My sister is right, I really don't want my last blog post to be about cold showers. I haven't written because first I didn't have anything to say, and then I found myself with too much to say.
Yesterday was again one of those days that didn't start how I thought it would. I was on my way out the door of the 4th house I have "sat" in 2008 when my friend Lauren called. Lauren, Will, Ben and Katie had all gone out to Colorado for Winter Break to visit family and explore future job stuff. I decided to let it go to voice mail so I could get out the door and start the day, figuring she was just calling to say hi and see how all the dogs were doing (sidenote: THE dogs are basically like their kids...and while I did not have the pleasure of being their official dogsitter--being occupied with sitting another house at the time--I did arrange the current dog sitters so I felt a bit responsible). But, I was wrong. She was calling to let me know that our friend Ben's father had passed away that morning. I drove around the block back to the house because suddenly going to the coffee shop to study didn't seem like the right thing to do. I wasn't sure what the right thing to do was. I cried. I called Lauren back. Sent Ben a text. Swore. Cried. Swore some more and then called Kate.

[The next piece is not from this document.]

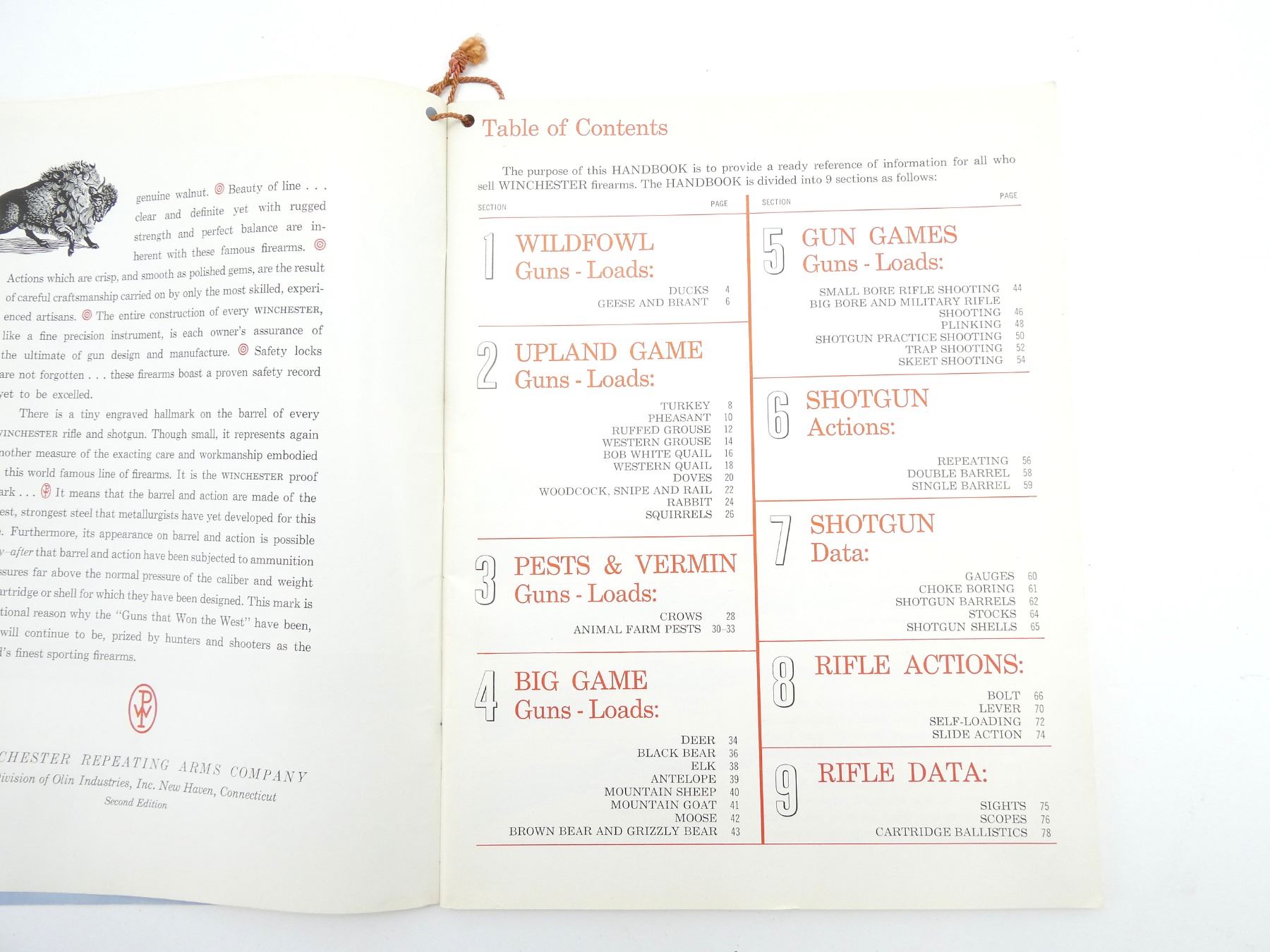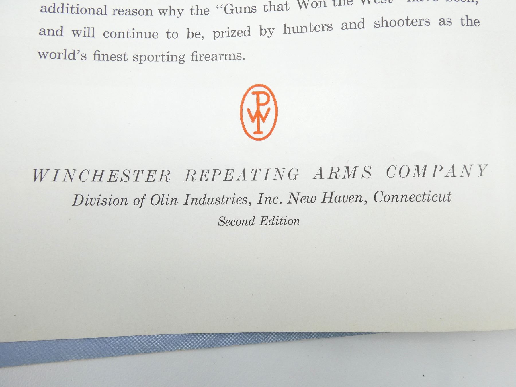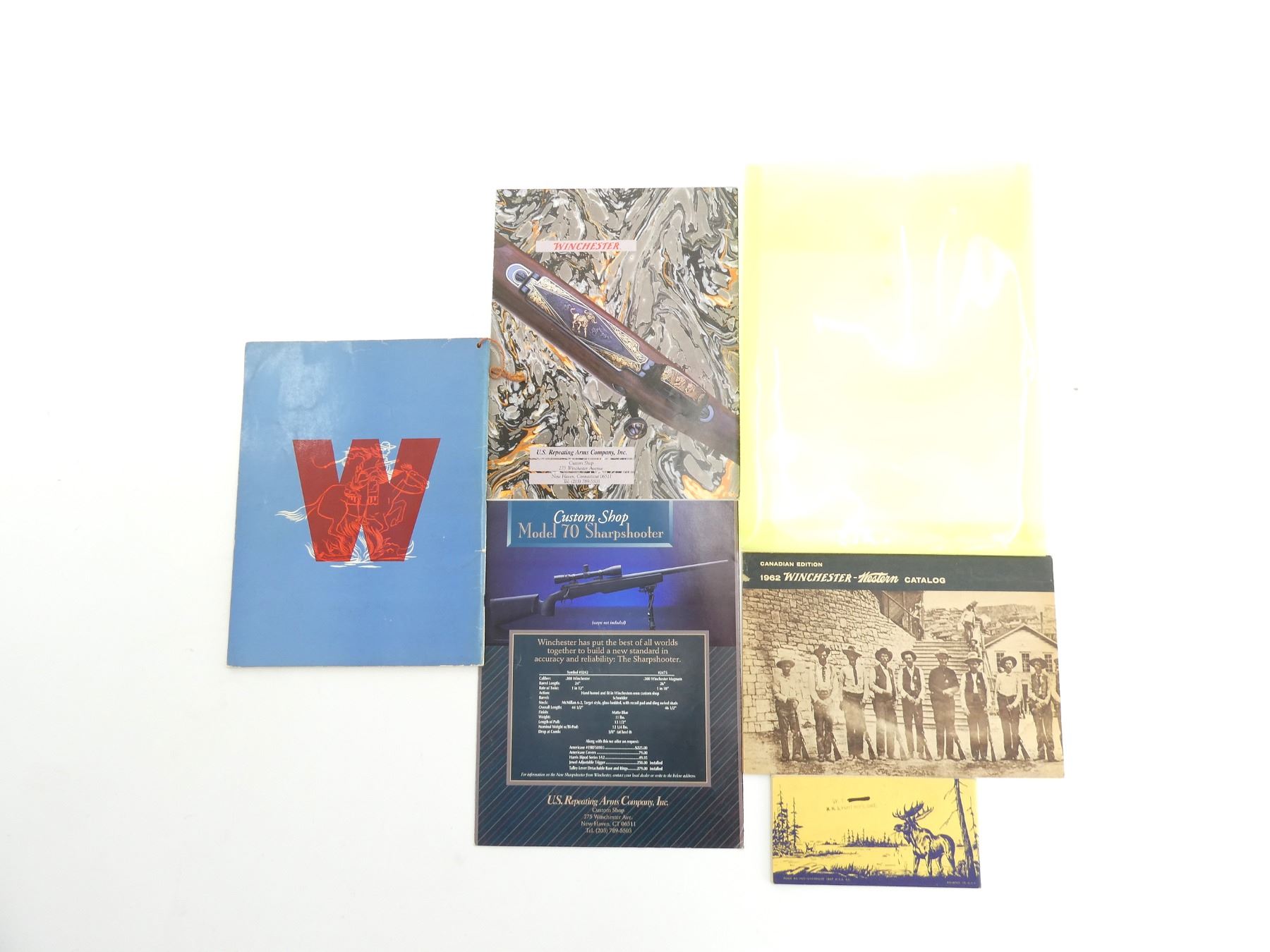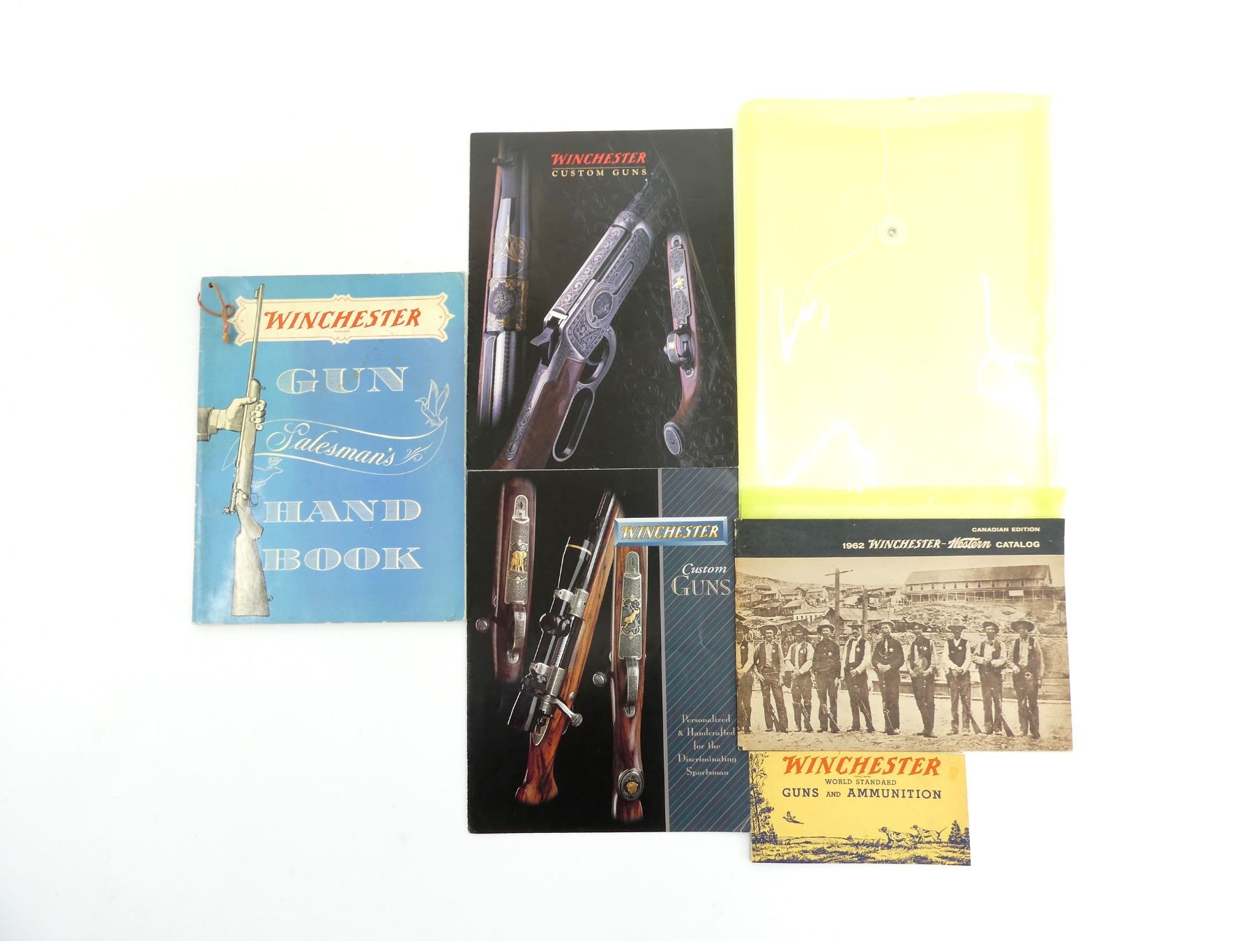 LOT INCLUDES; (1) "1962 WINCHESTER - WESTERN CATALOG", BY OLIN WINCHESTER-WESTERN LTD., SOFT COVER, COPYRIGHT 1962, (2) "WINCHESTER CUSTOM GUNS", BY U.S. REPEATING ARMS COMPANY, INC., SOFT COVER, (1) "WINCHESTER WORLD STANDARD GUNS AND AMMUNITION", BY W.R.A. CO., SOFT COVER, COPYRIGHT 1937 & (1) "WINCHESTER GUN SALESMAN'S HAND BOOK", BY WINCHESTER REPEATING ARMS COMPANY, SOFT COVER. SEE PHOTOS.

An hour later Kate and I were sitting at the cafe in Alpen Rose. She came into town because we needed to be together. I am not sure how to explain the depth of all of our friendships, but it is deep. The kind of deep that comes from shared grief, seeing each other at our worst and gently reminding each other that it is bound to get better at some point. Don't get me wrong, we are fun and we laugh a lot too...but we have seen each other through some serious shit. Kate and I mostly sat. Talked. Ate the cookies that Kate had brought because times like these always call for cookies. We pretended to do some school work. Brainstormed the best way to get out to Colorado. Talked about how life just flips on you so fast sometimes and how quickly all of our lives have shifted at one point or another. Ate another cookie and then decided to go walk the dogs because we felt it would somehow make us feel closer to our friends in Colorado.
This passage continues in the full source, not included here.